Um “cérebro integral” espalhado pelo corpo
Segundo o estudo, conduzido por Arnone e por Periklis Paganos em parceria com laboratórios na Itália, Alemanha e França, indivíduos juvenis apresentam um sistema nervoso integrado capaz de processar informações em múltiplas regiões do corpo. A equipe conseguiu coletar e analisar 18 espécimes com apenas duas semanas de vida, aplicando técnicas de sequenciamento de RNA de fita simples (snRNA-seq) para mapear cerca de 25 mil núcleos celulares.
A tarefa não foi simples. Como relatado por Arnone ao Infobae, dissociar os tecidos rígidos dos ouriços sem destruir as células exigiu um protocolo específico desenvolvido no laboratório italiano. O esforço, porém, rendeu resultados inéditos: foram identificados oito grandes grupos de células e uma diversidade inesperada de neurônios e fotorreceptores — 29 tipos neuronais e 15 conjuntos distintos de detectores de luz.
Os pesquisadores também localizaram genes tradicionalmente associados ao cérebro de vertebrados ativados por todo o corpo do ouriço. Em algumas células, encontraram a presença simultânea de duas proteínas fotossensíveis — melanopsina e Go-opsina — combinação nunca registrada antes em animais do grupo dos deuterostômios, que inclui humanos.
As novas células sensoriais surgem principalmente nos pés ambulacrários, estruturas usadas tanto para locomoção quanto para perceber o ambiente.
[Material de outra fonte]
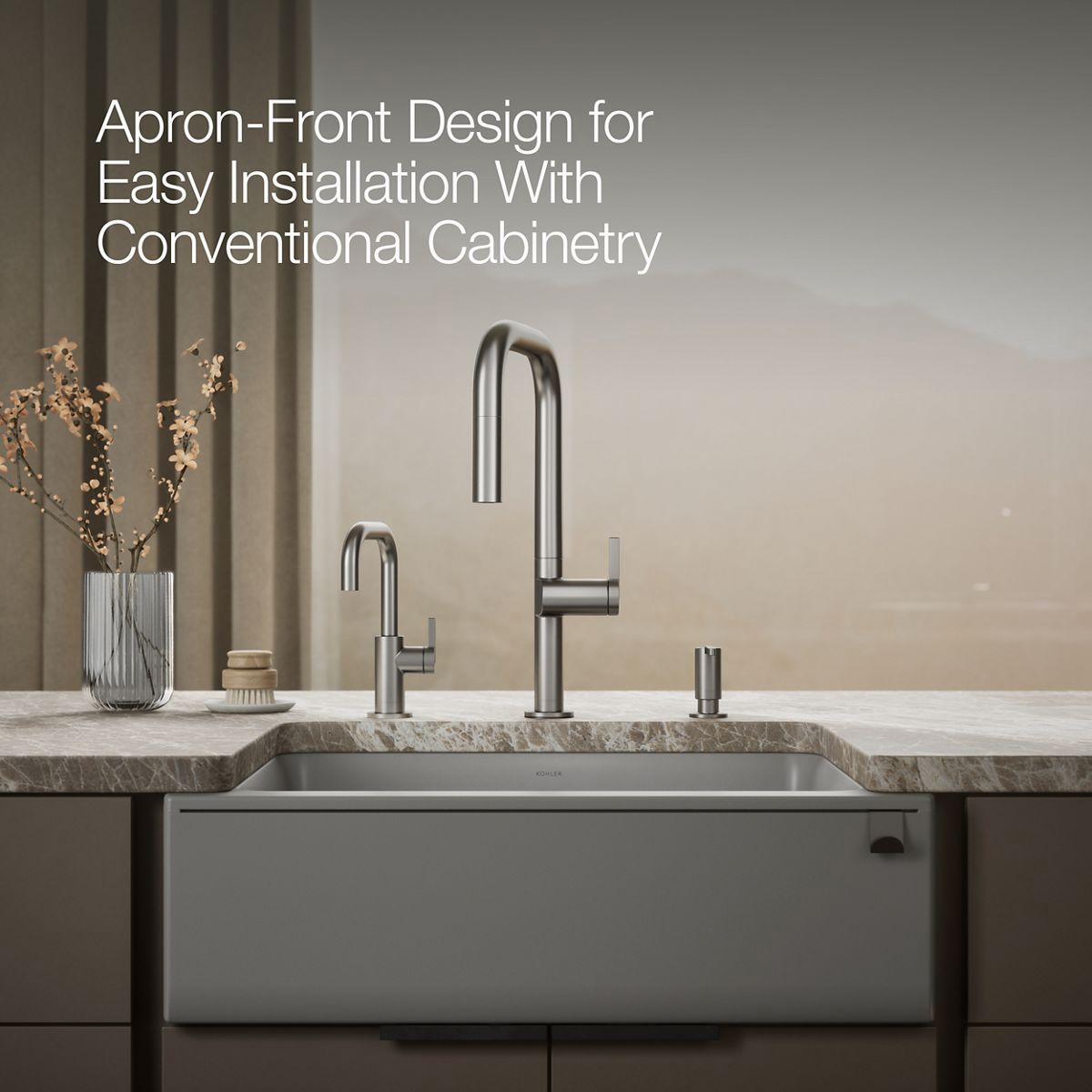 - Apron designed to fit in standard 30" (762 mm) apron-front cabinetry

A análise sugere que o corpo do ouriço juvenil concentra funções que, em outros animais, estariam restritas à cabeça. Por isso, os autores defendem que o conjunto nervoso pode ser descrito como um “cérebro único”, distribuído.
Apesar do avanço, muitas perguntas seguem abertas. A equipe quer saber se a mesma arquitetura aparece em outras espécies de ouriço-do-mar e como esses sistemas evoluem do estágio larval ao adulto. A investigação, afirmam os cientistas, pode ajudar a esclarecer como cérebros complexos surgiram ao longo da história evolutiva — e revelar que, no fundo do mar, há mais enigmas biológicos do que a ciência imaginava.